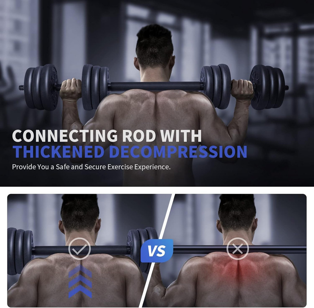 Systém nastaviteľnej hmotnosti znamená, že nemusíte kupovať ďalšie sady, keď sa vaša sila zvýši. Jednoducho vymeňte kotúče a pokračujte v tréningu. Penová tyč a bezpečnostné uzávery zaistia, že váš tréning bude vždy bezpečný a pohodlný.
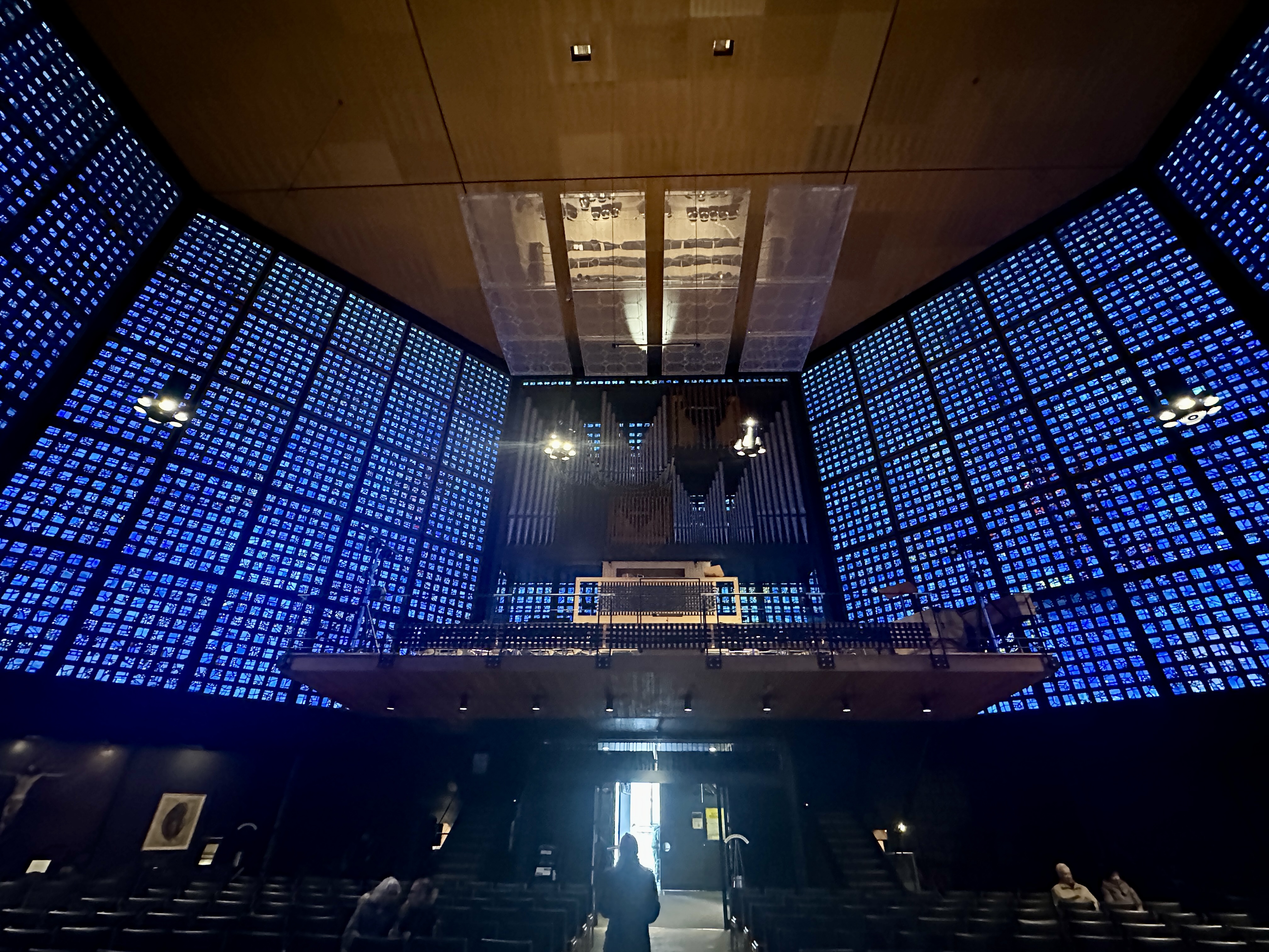 카이저 빌헬름 교회의 하이라이트라고 할 수 있는 스테인드글라스는 본당 뒤쪽의 예배당 건물에 있습니다.
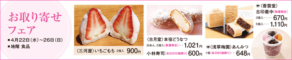 八木橋百貨店 お取り寄せフェア ■場所:八木橋百貨店 地階 食品 ■期間:2026年4月22日(水)~4月26日(日)
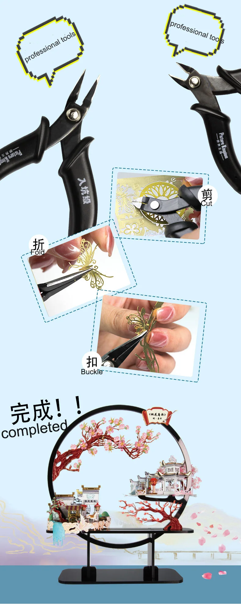 Картина Королевство китайская поэзия архитектура строгая самодельная 3D металлическая модель наборы нано-пазл Лазерная вырезка сборные джиги
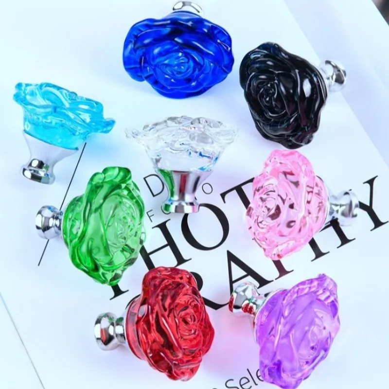 4 Pcs 50mm Diameter Glass Knobs and Handles Rose Shape Crystal Cabinet Handles Flower Decorative Door Pull with Screws
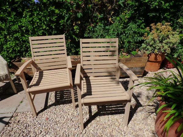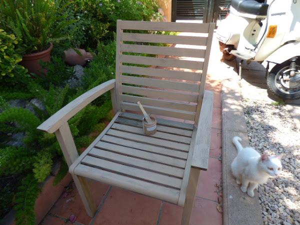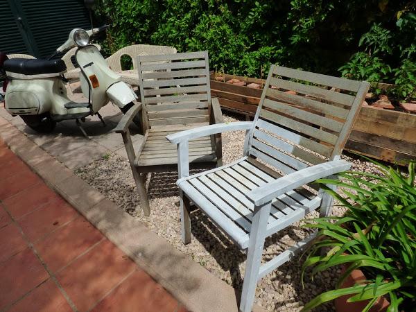 así quedaron las sillas y más que de un tono natural quedó mi espalda de la solana que me dió mientras pintaba
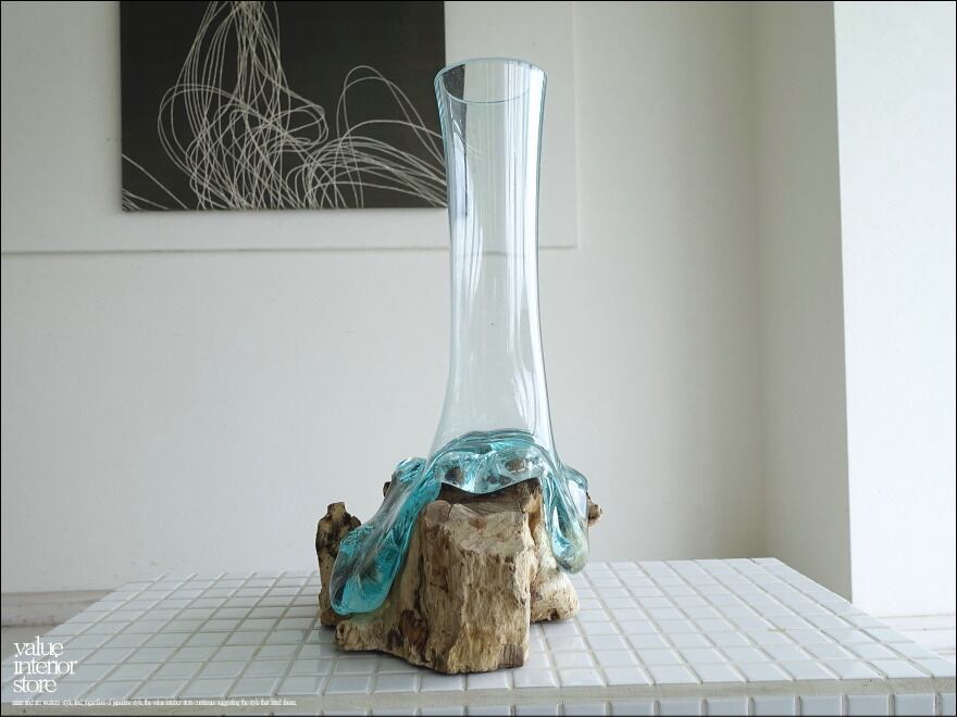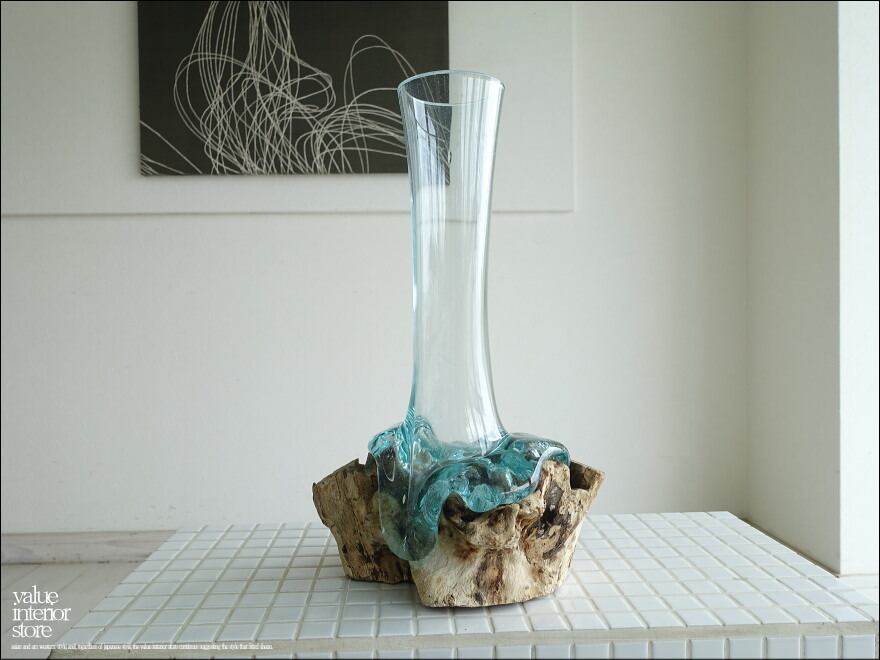 硝子フラワーベースTall40cm 花瓶 プリミティブガラスベース 手作り 一輪挿し 一点物 ハンドメイド 無垢材 自然な様
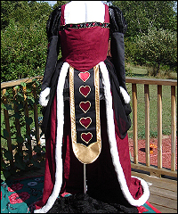 My good friend designed this “Queen of Hearts” dress, and commissioned me to make it for her. It is made of red jacquard with crepe backed satin sleeves, and faux fur trim along the hem and wrists. The transparent upper sleeves are made of organza, with opaque velvet ribbon stripes. The front skirt flap is gold and black satin. The attached overskirt is chiffon, and is gathered with elastic casings to form scallops. At the end of each scallop, there is a small stuffed heart made of red satin. All of the fur trim was applied by hand. This dress has an accompanying crown, which is also displayed in this gallery. |
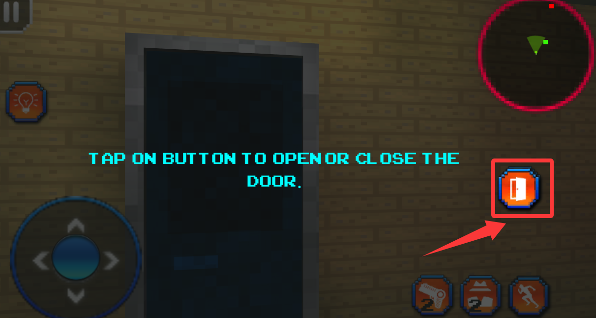 3、跟着提示,走过去屋那里进去躲避怪物,点击开门。
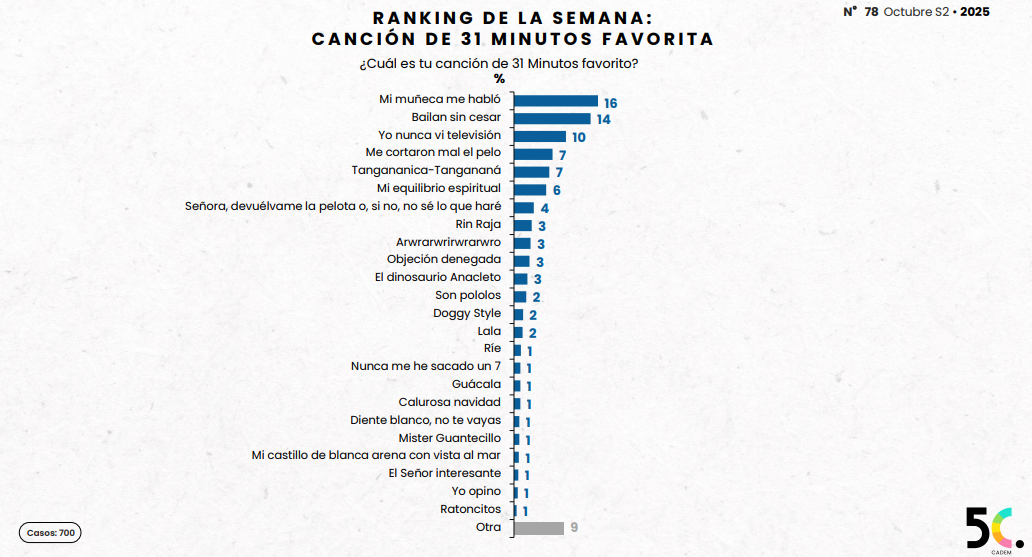 La decisión no fue fácil. "31 minutos" cuenta con un amplio repertorio musical, pero según los resultados del Estudio 5C, el primer lugar lo ocupa "Mi muñeca me habló", seguido por "Bailan sin cesar", y en tercer lugar, "Yo nunca vi televisión".
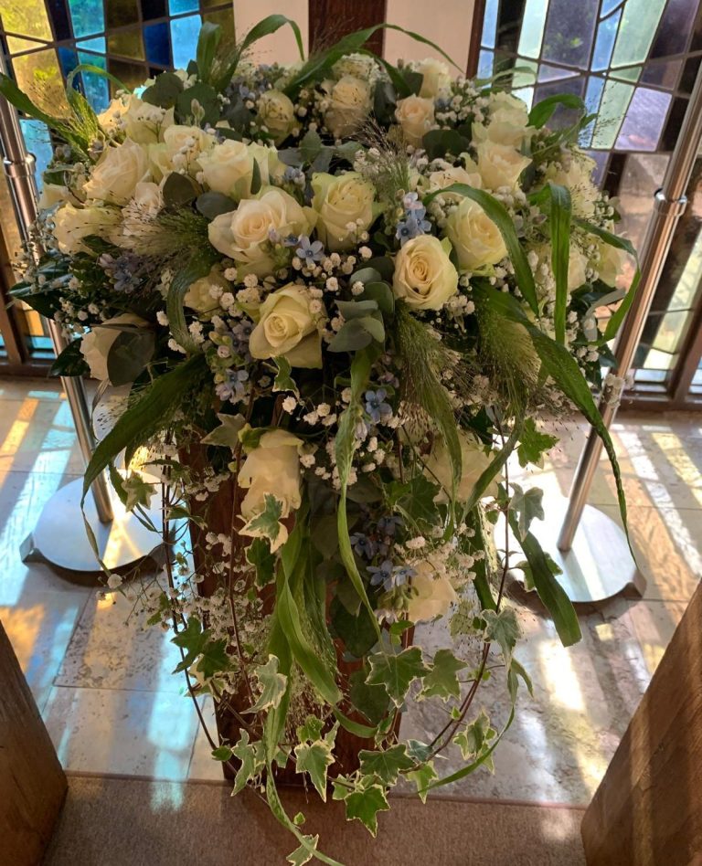 Klassische weiße Rosen, die von allerlei Grün begleitet werden. Der zusammenlaufende Efeu machen ihn einmalig.
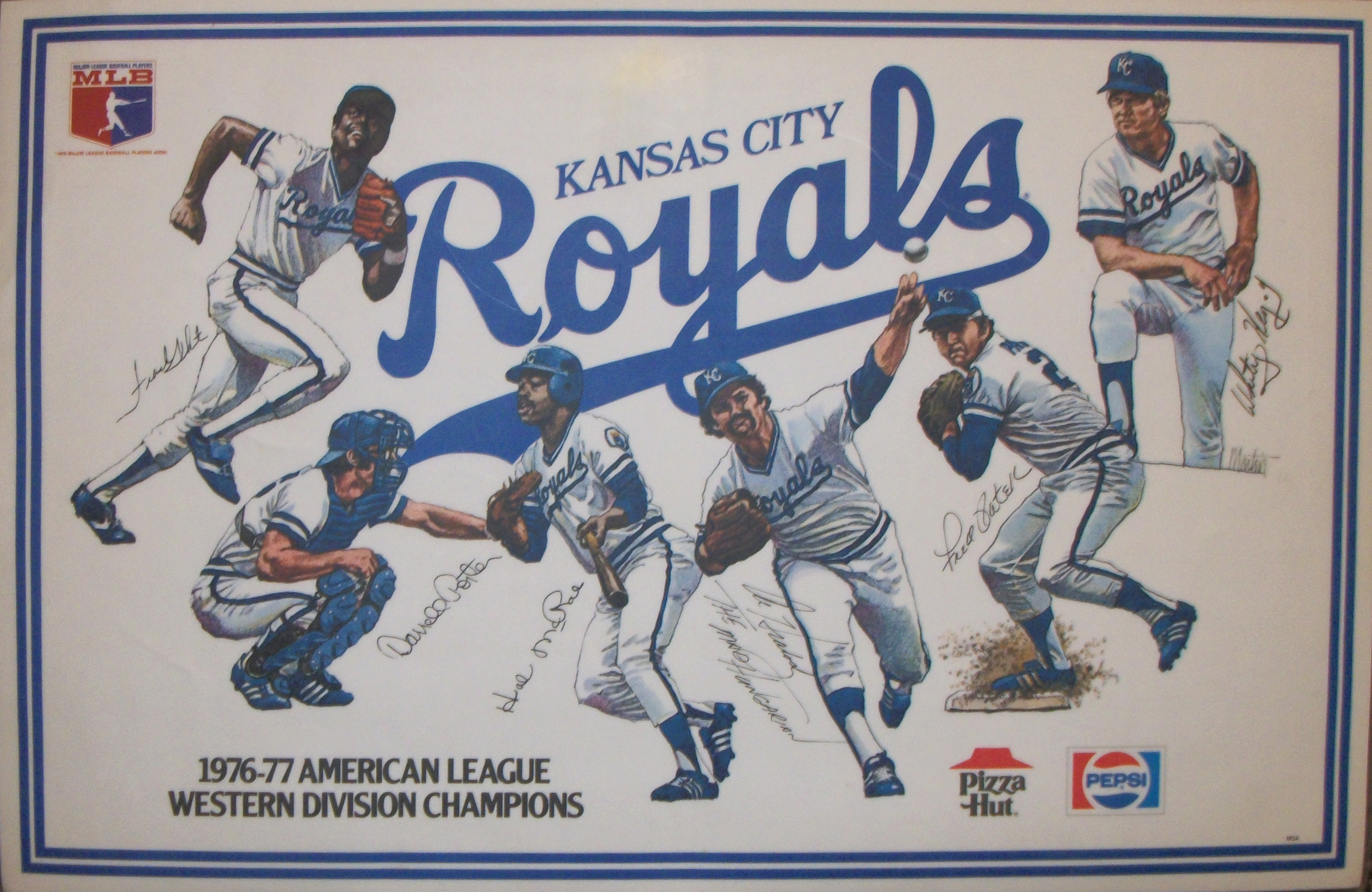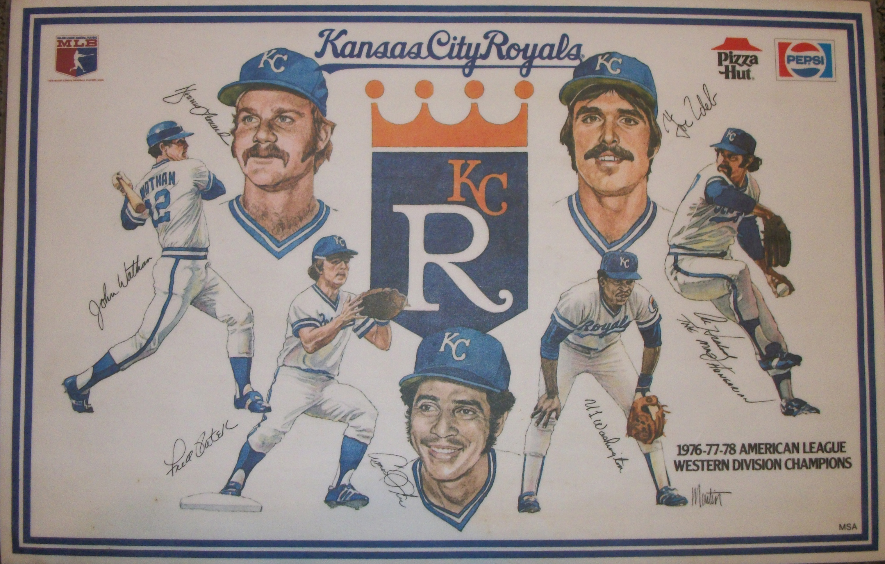 Kansas City Royals placemats; left to right; Hal McRae, Paul Splittorff, Ed Rodriguez, Steve Braun, Darrell Porter, Pete LaCock, George Thorp
■ ■ ■ ■ ■ ■ ■
__How to complete this task__
The lines to repeat run from the line containing "Klassische weiße Rosen, die" through the end of the listing above, both included; give them exactly and without pictures.

__Task output__
 Klassische weiße Rosen, die von allerlei Grün begleitet werden. Der zusammenlaufende Efeu machen ihn einmalig.
 Kansas City Royals placemats; left to right; Hal McRae, Paul Splittorff, Ed Rodriguez, Steve Braun, Darrell Porter, Pete LaCock, George Thorp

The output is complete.